### INSTRUCTIONS FOR THE TASK
Every line of the data below that holds the string "near" needs to be reported.

(Records excerpted from a collection)
======

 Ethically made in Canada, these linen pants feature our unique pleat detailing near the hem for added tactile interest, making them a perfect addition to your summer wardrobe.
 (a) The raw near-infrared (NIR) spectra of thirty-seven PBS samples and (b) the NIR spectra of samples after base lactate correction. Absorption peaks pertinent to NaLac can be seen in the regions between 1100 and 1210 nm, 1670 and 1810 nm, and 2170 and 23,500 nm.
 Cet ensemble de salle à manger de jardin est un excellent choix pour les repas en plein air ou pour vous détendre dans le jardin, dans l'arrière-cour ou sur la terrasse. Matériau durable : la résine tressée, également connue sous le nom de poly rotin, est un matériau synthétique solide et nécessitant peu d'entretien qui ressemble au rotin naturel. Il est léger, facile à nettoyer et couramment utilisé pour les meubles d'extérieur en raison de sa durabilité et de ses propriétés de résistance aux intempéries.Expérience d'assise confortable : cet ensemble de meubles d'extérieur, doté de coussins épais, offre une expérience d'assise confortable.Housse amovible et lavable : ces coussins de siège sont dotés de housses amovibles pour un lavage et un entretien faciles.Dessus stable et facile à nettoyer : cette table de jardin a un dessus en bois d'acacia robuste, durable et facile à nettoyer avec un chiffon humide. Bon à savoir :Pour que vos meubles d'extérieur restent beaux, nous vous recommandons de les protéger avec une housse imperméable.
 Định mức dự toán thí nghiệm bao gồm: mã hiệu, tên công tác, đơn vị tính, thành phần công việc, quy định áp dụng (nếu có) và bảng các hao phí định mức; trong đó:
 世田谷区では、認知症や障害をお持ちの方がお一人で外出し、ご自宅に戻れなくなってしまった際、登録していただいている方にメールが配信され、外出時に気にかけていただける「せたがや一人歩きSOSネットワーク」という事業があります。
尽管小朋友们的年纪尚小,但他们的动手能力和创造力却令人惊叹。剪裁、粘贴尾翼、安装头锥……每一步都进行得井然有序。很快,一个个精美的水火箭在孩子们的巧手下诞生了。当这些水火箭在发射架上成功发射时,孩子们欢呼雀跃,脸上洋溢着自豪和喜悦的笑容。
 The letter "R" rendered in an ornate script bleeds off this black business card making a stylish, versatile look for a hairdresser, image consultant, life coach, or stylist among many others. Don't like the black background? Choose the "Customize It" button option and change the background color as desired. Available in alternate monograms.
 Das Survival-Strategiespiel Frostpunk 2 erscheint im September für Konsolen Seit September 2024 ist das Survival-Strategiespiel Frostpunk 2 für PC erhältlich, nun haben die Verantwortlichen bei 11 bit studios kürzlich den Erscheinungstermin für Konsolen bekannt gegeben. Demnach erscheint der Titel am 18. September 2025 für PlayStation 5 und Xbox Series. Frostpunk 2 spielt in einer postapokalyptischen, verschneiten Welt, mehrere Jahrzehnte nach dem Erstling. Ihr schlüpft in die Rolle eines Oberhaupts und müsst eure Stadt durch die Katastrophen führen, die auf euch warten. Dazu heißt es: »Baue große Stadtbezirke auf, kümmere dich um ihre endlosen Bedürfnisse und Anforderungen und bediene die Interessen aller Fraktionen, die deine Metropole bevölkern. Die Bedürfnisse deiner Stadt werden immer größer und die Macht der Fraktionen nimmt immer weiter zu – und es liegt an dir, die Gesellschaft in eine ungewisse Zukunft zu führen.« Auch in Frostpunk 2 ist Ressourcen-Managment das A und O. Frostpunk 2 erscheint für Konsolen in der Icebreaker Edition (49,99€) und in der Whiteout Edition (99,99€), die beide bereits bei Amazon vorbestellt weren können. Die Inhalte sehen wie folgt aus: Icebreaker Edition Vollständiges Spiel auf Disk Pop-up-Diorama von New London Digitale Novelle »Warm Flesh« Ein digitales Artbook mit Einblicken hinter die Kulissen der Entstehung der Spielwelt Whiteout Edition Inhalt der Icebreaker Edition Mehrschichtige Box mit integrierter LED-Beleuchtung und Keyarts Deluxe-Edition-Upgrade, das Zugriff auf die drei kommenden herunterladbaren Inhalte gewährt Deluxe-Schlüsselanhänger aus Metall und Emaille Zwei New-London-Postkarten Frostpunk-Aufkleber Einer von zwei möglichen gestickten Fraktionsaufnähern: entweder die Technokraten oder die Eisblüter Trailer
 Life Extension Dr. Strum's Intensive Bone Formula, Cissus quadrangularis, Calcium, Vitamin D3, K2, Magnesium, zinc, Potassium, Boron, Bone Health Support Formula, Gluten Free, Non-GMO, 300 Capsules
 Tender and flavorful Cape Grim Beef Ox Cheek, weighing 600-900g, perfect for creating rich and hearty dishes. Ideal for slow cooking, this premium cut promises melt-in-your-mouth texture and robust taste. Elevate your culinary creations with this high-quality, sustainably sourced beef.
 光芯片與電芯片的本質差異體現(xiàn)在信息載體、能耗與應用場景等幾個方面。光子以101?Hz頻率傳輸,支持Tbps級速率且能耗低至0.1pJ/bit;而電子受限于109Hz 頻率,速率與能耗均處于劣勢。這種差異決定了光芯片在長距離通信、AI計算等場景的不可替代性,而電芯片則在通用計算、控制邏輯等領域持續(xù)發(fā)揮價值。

======

### ANSWER TO THIS TASK
 Ethically made in Canada, these linen pants feature our unique pleat detailing near the hem for added tactile interest, making them a perfect addition to your summer wardrobe.
 (a) The raw near-infrared (NIR) spectra of thirty-seven PBS samples and (b) the NIR spectra of samples after base lactate correction. Absorption peaks pertinent to NaLac can be seen in the regions between 1100 and 1210 nm, 1670 and 1810 nm, and 2170 and 23,500 nm.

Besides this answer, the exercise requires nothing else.